Berlin Film Festival 2024: Small Things Like These, Crossing, Cuckoo | Festivals & Awards

Tim Mielants’ film is a haunting and meditative work, whose solemn rhythms mark a tantalizing first hour. Through effortless intercutting, we flashback to a young Bill living with his single mother on the farm of her employer and then come back forward to the present slumped shoulder manual laborer. The director and his DP Frank van den Eeden’s opaque compositions — we see Bill through foggy car windows and enclosed distantly in door frames — tell us much about him: his quietness, his solitude and his singular morality. Though everyone knows the crimes happening at the convent, no one dares to rebel against the powerful sisters. Even when Bill tells his wife (Eileen Walsh), she pleads with him to let it lie. But Bill can’t, especially when he meets Sarah, one of the unwed mothers, freezing in a coal shed just outside of the church. 

It’s a promising premise that loses some steam in the final half hour. This is a film that could stand to be ten minutes longer.
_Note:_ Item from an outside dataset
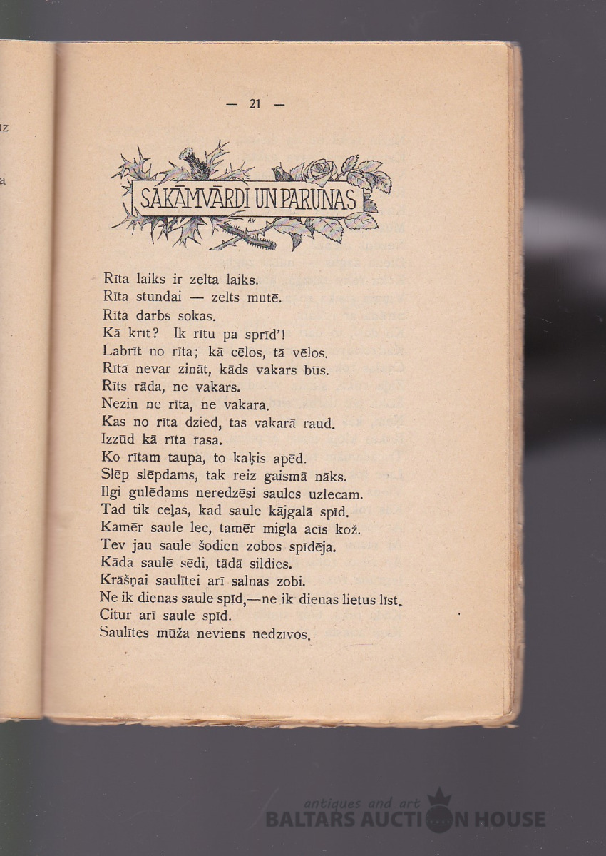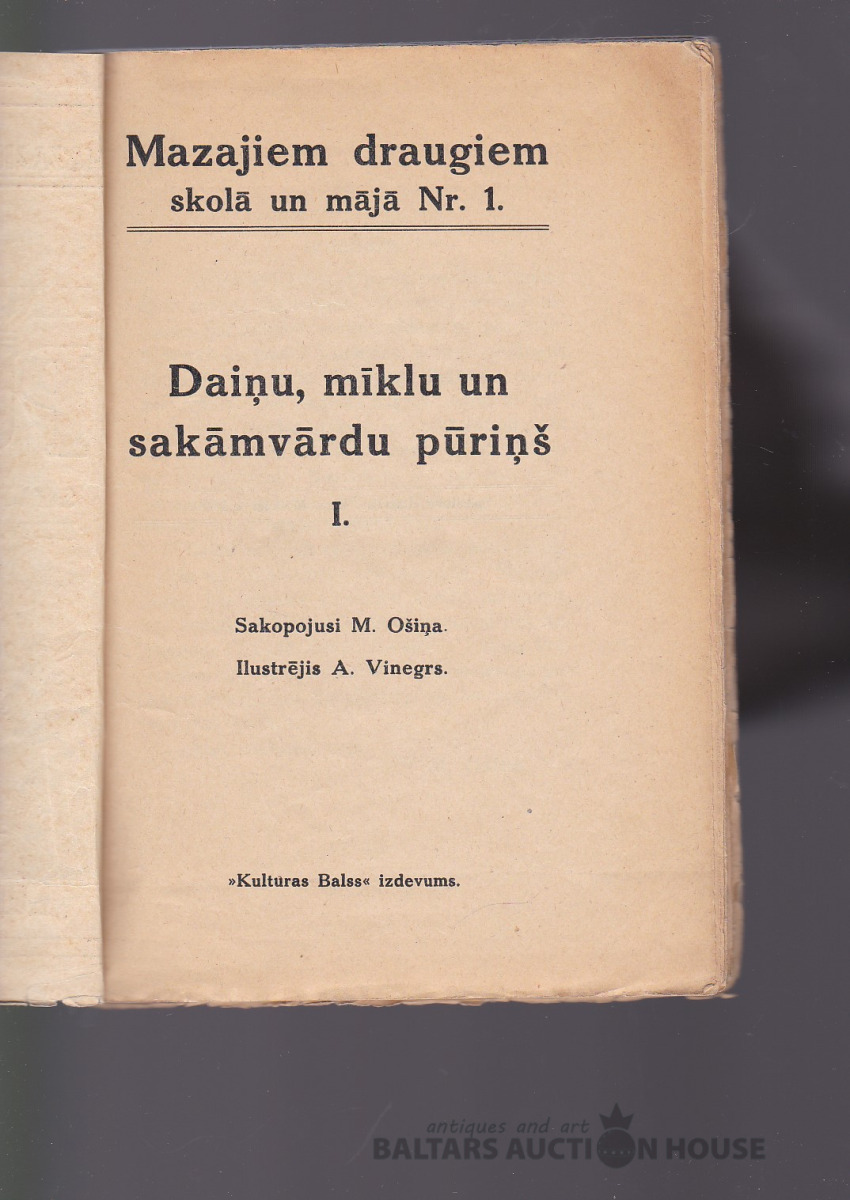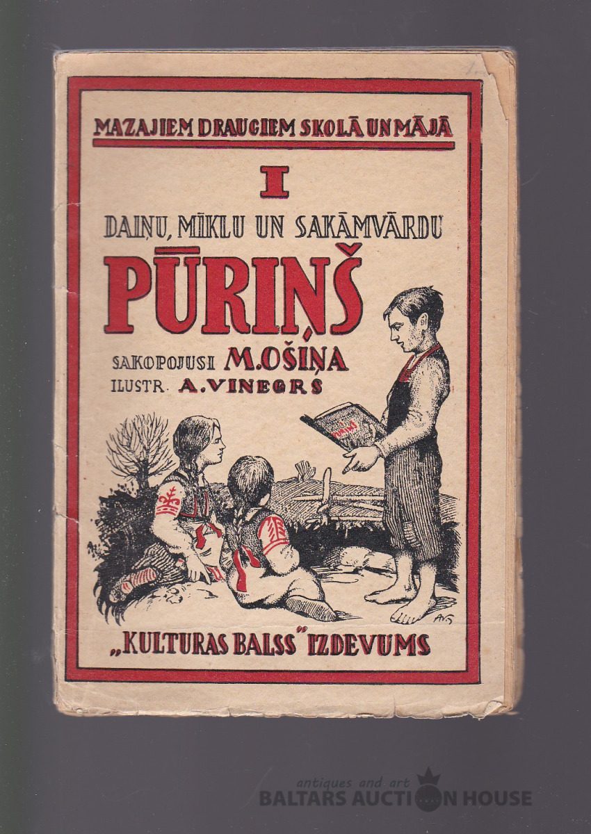 DAIŅU, MĪKLU un SAKĀMVĀRDU PŪRIŅŠ, 1925. g. Ilustrators A. Vinegrs. Kultūras balss izdevums. Daudzām ilustrācijām. 84 lpp.

Because unlike “God’s Creatures,” a contemporary Irish story similarly concerned with the misogyny of the church, the sisters here, especially Mother Schwester (Emily Watson), are only one note malevolent figures. Still, the dynamics of the town, told through a keen visual language, provide sharp context and necessary depth. Having Murphy helps too; here, he’s a kind of George Bailey figure whose generosity brings the spokes of this web together. Murphy knows the tiniest decision can change a scene; each deep breath he takes forms the bedrock of the film. Murphy sells the final grace note with boyhood wonder, killing the audience watching the impeccable “Small Things Like These” with kindness. 

When we first glimpse Ms. Lia (Mzia Arabuli), a curt, retired history teacher at the heart of Levan Akin’s affecting “Crossing,” she’s striding grimly down the shoreline. She is heading toward a shack where one of her former students lives, in search of her transgender niece Tekla, who she hasn’t seen since the girl’s transphobic parents disowned her. While her pupil doesn’t have much information to offer, his ne’er-do-well brother Achi (Lucas Kankava), harboring dreams of leaving their tiny Georgian town for the big city, claims to have Tekla’s forwarding address leading to Istanbul, Turkey. He will help Ms. Lia if she’ll bring him with. Their unlikely partnership, born out of deep loneliness, gives “Crossing,” an aching story of regret, its steady, unassuming heartbeat.